- **DIRECTIONS**
Working from the records below, repeat exactly the lines starting at the line that contains "古牧橋下の瀬を漕ぐ著者、森山" and ending at the line that contains "Summer Irregular Short", inclusive.

- **RECORDS FOR PROCESSING**

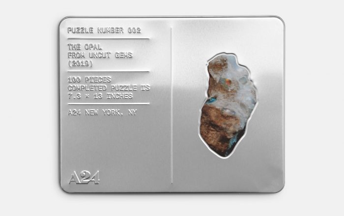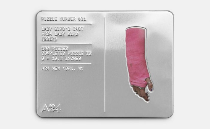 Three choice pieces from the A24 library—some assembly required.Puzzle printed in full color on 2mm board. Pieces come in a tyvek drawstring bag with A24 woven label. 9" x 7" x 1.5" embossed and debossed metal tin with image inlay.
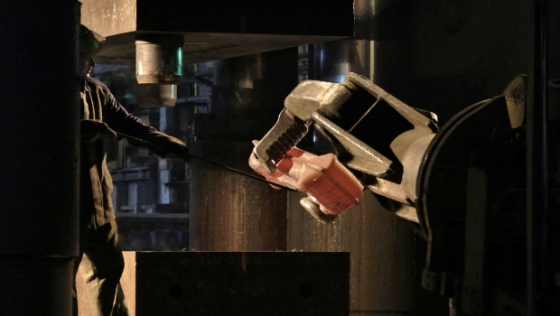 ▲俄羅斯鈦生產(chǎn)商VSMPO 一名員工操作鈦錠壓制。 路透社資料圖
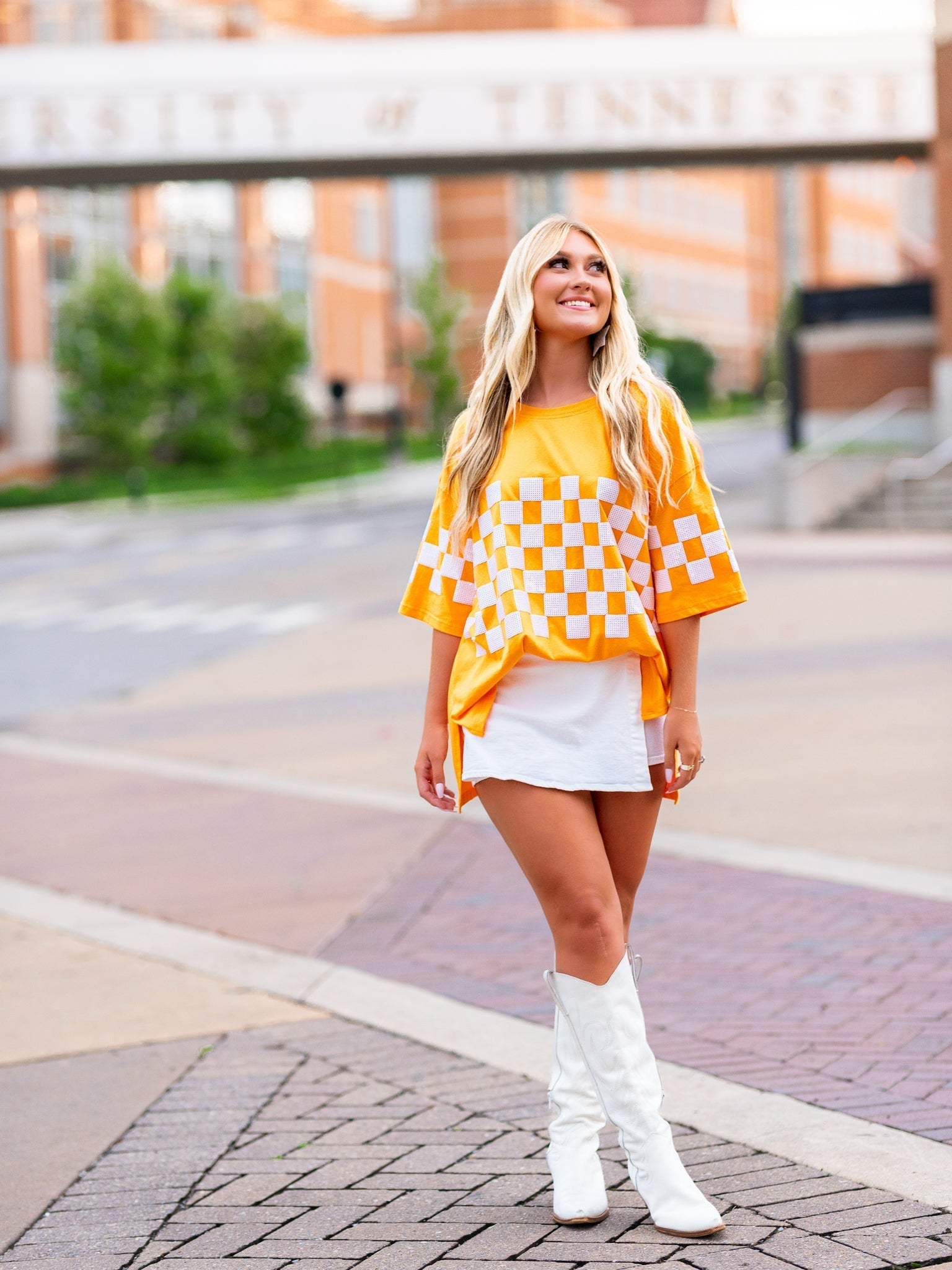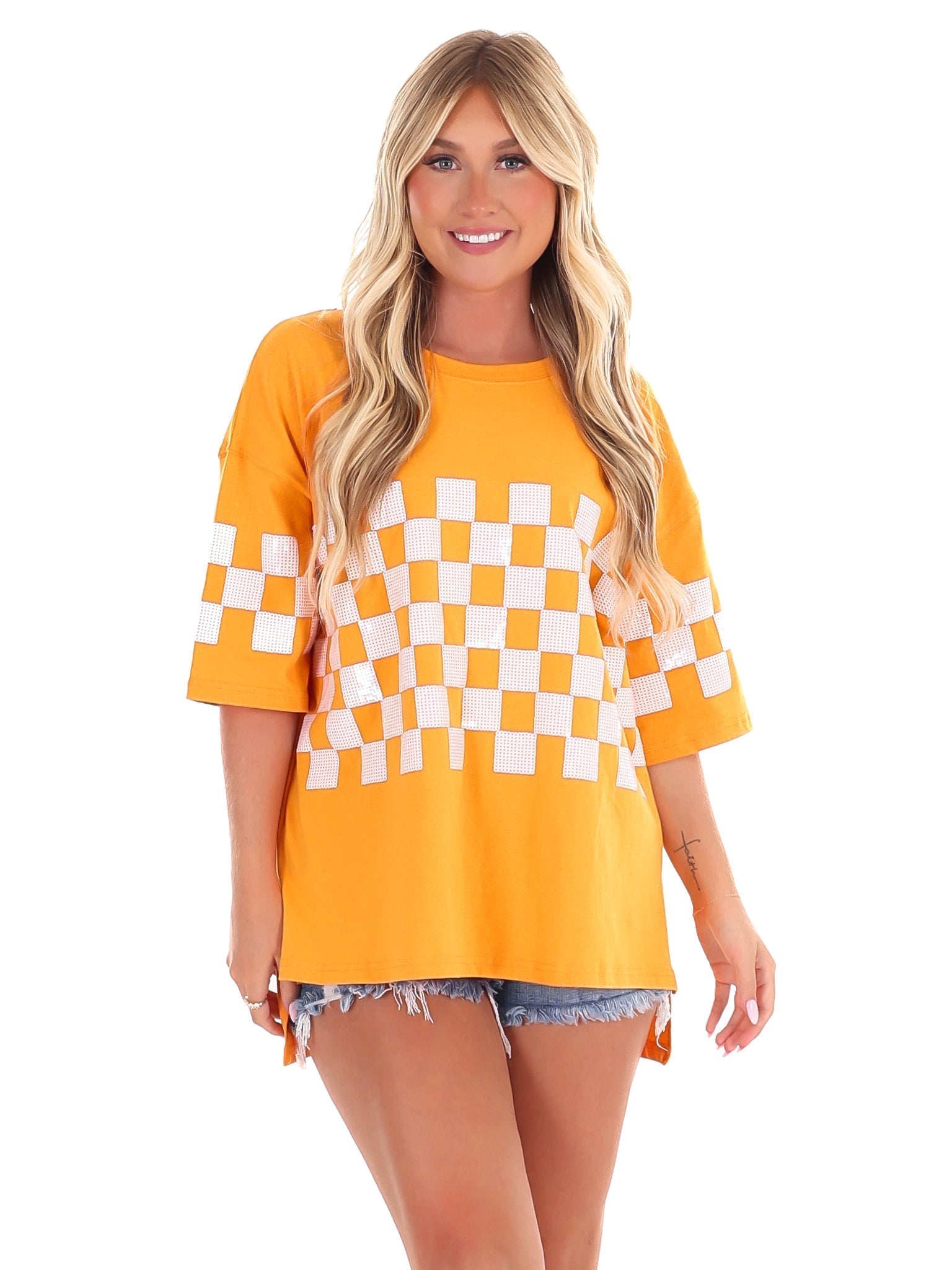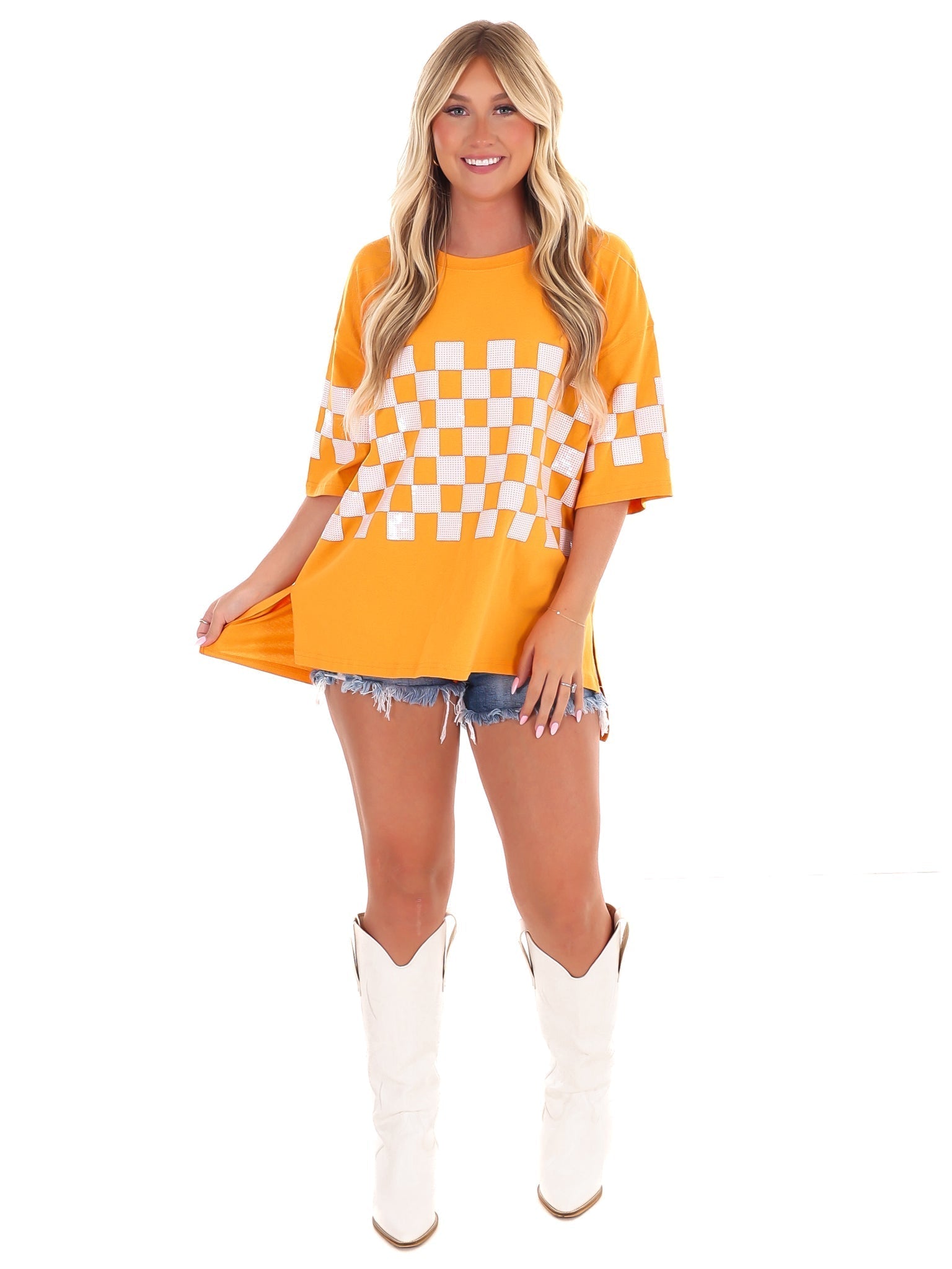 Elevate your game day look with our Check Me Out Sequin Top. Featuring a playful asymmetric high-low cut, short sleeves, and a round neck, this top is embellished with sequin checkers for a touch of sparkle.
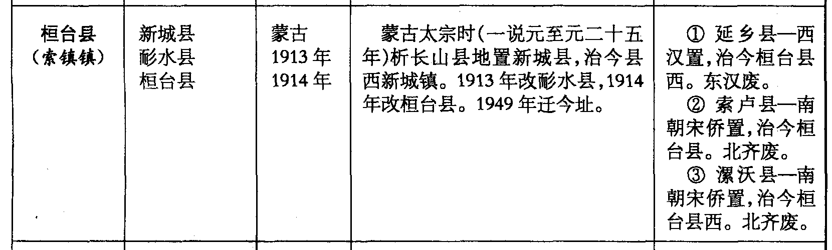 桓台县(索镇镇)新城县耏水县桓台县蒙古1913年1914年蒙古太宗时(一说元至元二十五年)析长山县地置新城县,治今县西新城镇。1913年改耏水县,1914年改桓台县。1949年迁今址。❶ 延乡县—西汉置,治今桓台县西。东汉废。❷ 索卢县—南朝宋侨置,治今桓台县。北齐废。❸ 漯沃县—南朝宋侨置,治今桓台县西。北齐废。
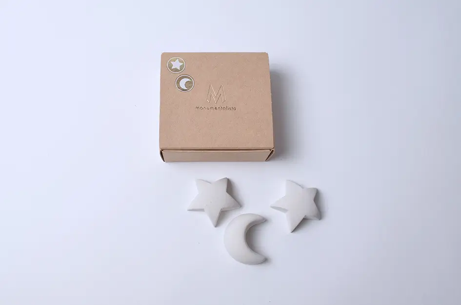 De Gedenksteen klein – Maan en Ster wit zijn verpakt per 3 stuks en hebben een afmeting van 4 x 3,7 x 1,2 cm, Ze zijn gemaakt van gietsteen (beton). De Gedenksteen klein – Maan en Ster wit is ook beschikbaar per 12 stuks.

---

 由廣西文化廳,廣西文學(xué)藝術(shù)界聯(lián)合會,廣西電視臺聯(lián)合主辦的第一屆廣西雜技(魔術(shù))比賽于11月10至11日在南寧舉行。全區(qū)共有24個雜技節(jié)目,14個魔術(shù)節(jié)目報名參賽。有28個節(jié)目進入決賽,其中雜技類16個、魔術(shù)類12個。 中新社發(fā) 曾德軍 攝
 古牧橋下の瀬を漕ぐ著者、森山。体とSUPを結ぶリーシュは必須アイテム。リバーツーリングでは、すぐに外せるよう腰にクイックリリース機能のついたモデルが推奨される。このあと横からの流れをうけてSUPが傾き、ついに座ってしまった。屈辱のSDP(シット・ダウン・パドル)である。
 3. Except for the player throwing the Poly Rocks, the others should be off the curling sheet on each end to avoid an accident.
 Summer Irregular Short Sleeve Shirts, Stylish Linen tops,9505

- **SOLUTION FOR THIS EXERCISE**
 古牧橋下の瀬を漕ぐ著者、森山。体とSUPを結ぶリーシュは必須アイテム。リバーツーリングでは、すぐに外せるよう腰にクイックリリース機能のついたモデルが推奨される。このあと横からの流れをうけてSUPが傾き、ついに座ってしまった。屈辱のSDP(シット・ダウン・パドル)である。
 3. Except for the player throwing the Poly Rocks, the others should be off the curling sheet on each end to avoid an accident.
 Summer Irregular Short Sleeve Shirts, Stylish Linen tops,9505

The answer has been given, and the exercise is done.